Всегда рядом - страница 33

Шрифт
Интервал


Если бы сейчас мальчик толкнул его ногой в лицо, он упал бы вниз – и, не исключено, сломал бы себе шею. В такой ситуации никто не стал бы винить ребенка в смерти настоящего тирана, да и тех, кто сожалел о его утрате, наверняка бы не нашлось. Вот только любовь к отцу, пусть и наводящему ужас, не позволила сделать этого.

В результате мальчишка только сжался, закрыв руками лицо, и стал ждать неминуемой расплаты, слыша, как сначала одна, а затем и вторая рука отца зацепилась за настил.

– Теперь… тебе… несдобровать… – прохрипел огромный мужчина.

– Папа, – жалобно выдавил из себя небольшой комочек, забившийся в дальний угол площадки.

На какой-то миг в глазах отца мелькнула нерешительность, и Игнату показалось, что, быть может, все обойдется.

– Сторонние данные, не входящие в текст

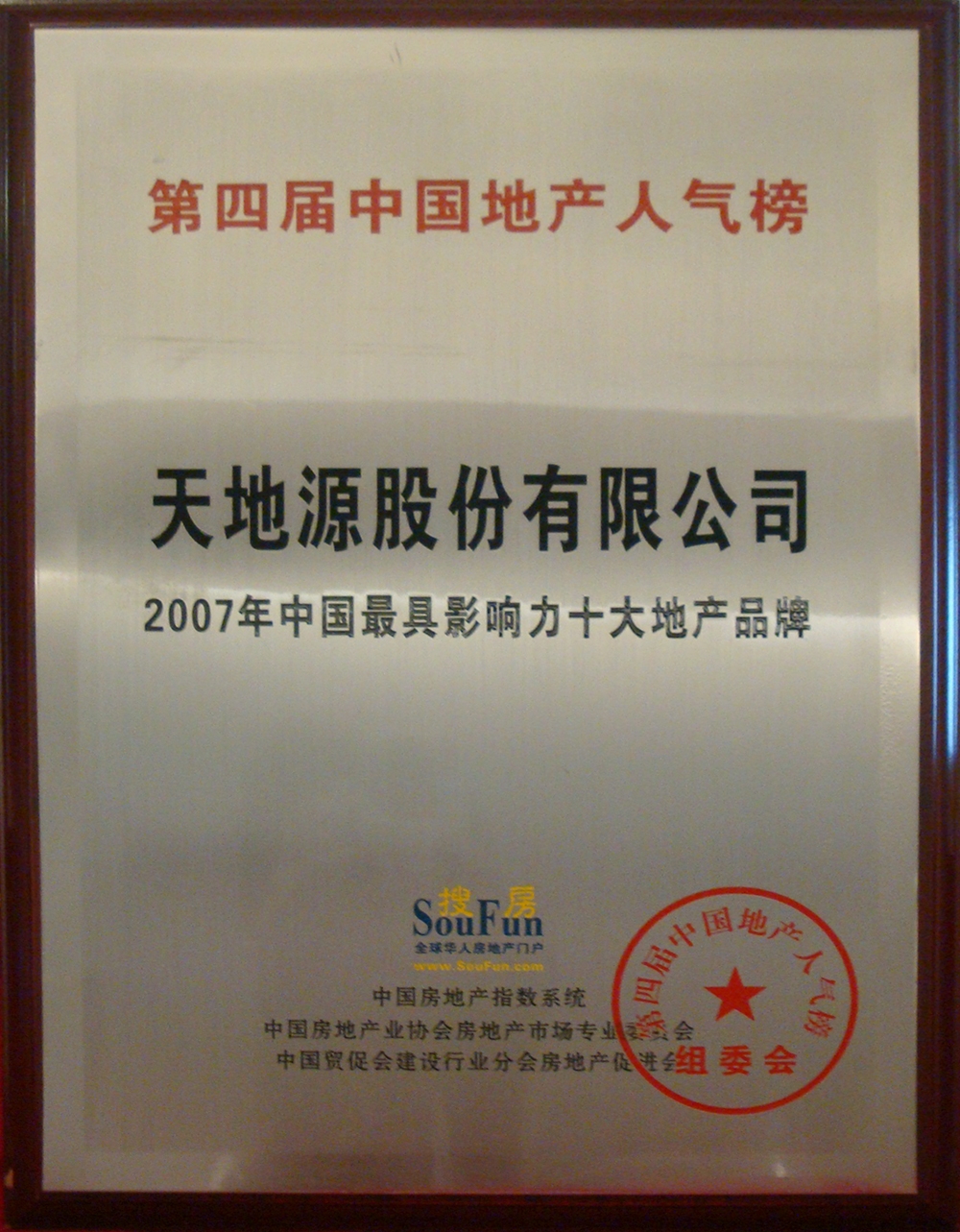 第四届中国地产人气榜 2007年中国最具影响力十大地产品牌

Но эта надежда исчезла почти сразу. Лицо приобрело прежнюю суровость, и на мальчика пахнуло застоявшимся пивом.

– Я покажу тебе, что значит пререкаться со мной, – поучительным голос ответил мужчина.

Сомнений не осталось. Мощный удар ногой в живот ребенка был такой силы, что из легких моментально вышел весь воздух, будто из проколотого шарика. Игнат отлетел назад, пробил легкую стенку домика, и с четырехметровой высоты кулем упал на землю. Он приземлился на левую руку, от чего локоть моментально сломался. Несмотря на дикую боль, Игнат даже не смог вскрикнуть, так как у него просто не осталось воздуха для этого. В следующий миг он потерял сознание.

И последняя мысль, возникшая перед тем, как провалиться в пелену обморока, была: «Ты вырастешь таким же, как он. Таким же, как твой отец».

Через полгода сломанная рука срослась и беспокоила только перед переменой погоды. А вот кошмарные сны преследуют его и по сей день. Возможно, они не закончатся никогда.


* * *

Все это произошло давным-давно и лишь изредка всплывало в памяти. Еще тогда, когда они жили в городе Сумрак, причем достаточно бедно – на одну зарплату Игната-старшего. Только спустя несколько лет им удалось разжиться деньгами и переехать.

Игнат-старший понимающе взирал с фотографии на сына и девушку, которую он привел в их дом. Его глаза смотрели куда-то вдаль, а губы были сжаты в тонкую линию, выражая то ли злость, то ли презрение ко всему миру.

– Это мой папа, – произнес юноша, дохнув на Жоржину перегаром. – Он хороший человек, но иногда чересчур жесткий, поэтому я стараюсь его избегать и не злить.